If I hear the word “postmodernism” and it is associated with certain people, phrases, personal experiences, then that shapes the word in my head. This “associative model” is necessarily different for other people. As a result, no two people can ever _truly_ talk about the same thing because their associative models never completely overlap. However, at a certain level of abstraction, they overlap “enough” and so we are able to communicate. The degree to which they don’t overlap is a great source of a miscommunication in the world. This is why philosophers fixate so ferociously on definitions and ontologies – they want to know they are in fact talking about the same “thing” (within a reasonable level of resolution).
Because associative models are constantly evolving as a function of frequency and salience, they can in fact be gamed. I call this “semantic gerrymandering” and the advertising industry in particular excels here. Can I change the way you think of “recycling” or “police” based on certain ontological entities I yoke them to? Alternatively this may be described as “framing” or “Russell conjugations” or the “is-ought alloy” (https://everythingstudies.com/2018/02/12/wordy-weapons-of-is-ought-alloy/).
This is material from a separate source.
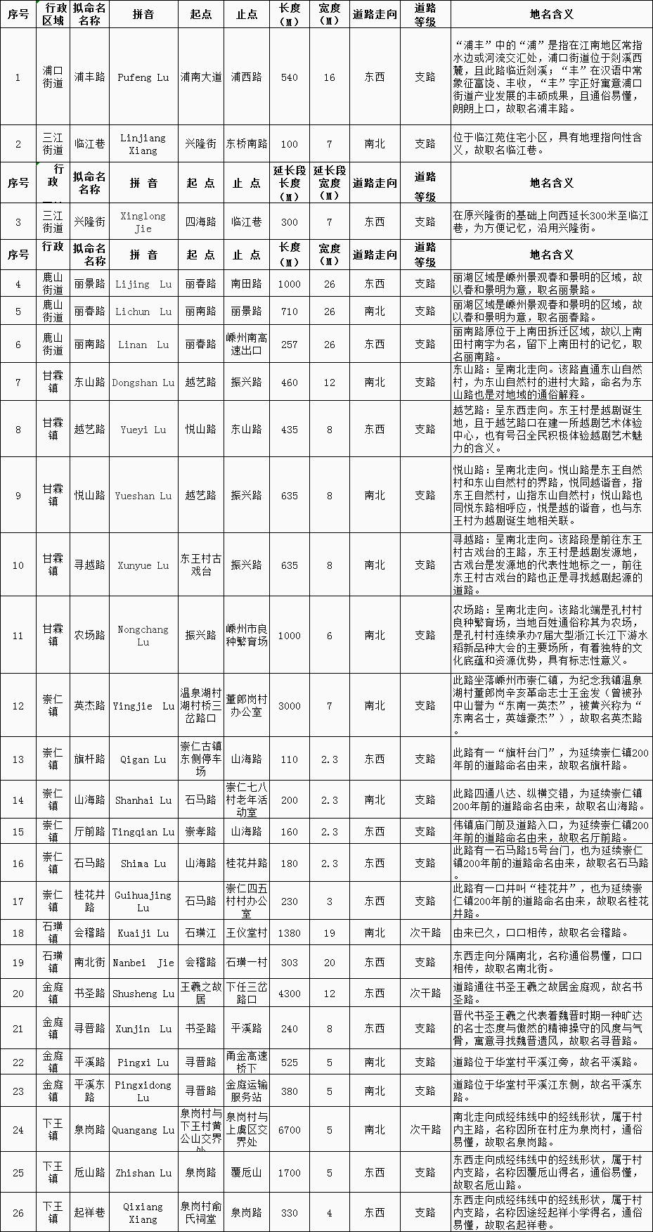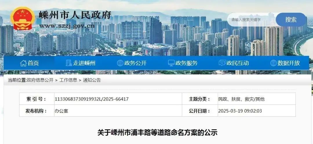 3月19日,嵊州市民政局在嵊州市人民政府官網(wǎng)發(fā)布了《關(guān)于嵊州市浦豐路等道路命名方案的公示》,向社會(huì)各界和市民群眾征求意見。具體如下:
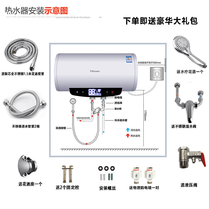Smith water heater electric household water storage type 40 liters bath 50 60 80 liters Powder room quick hot shower Small

There are certain abstract “primitives” from which we build everything else. We associate higher level concepts (e.g. democracy, consensus) to low-level concepts (e.g. veridicality, perception, etc.) as a function of our experiences with them (e.g. what we are told, what we logically deduce and so on). But all of these models (“metaphors”) – like sand – are constantly shifting as a function of our experiences. Some ground is fortunately more solid than others, and perhaps when it is not, we call that a “midlife crisis”.
Metaphorical thinking is how we make sense of the world – how our internal models of reality conform to our observations of it. It is the great human achievement that ties together artists and scientists and businesspeople and philosophers.
No disagreement with any of that, Alex. Framing has been used as a technical approach in AI, as well. I use the metaphor of “effective procedures” from cognitive science as a way of trying to ground how we might think about these semantic issues, but the problems clearly stretch through all our human activities.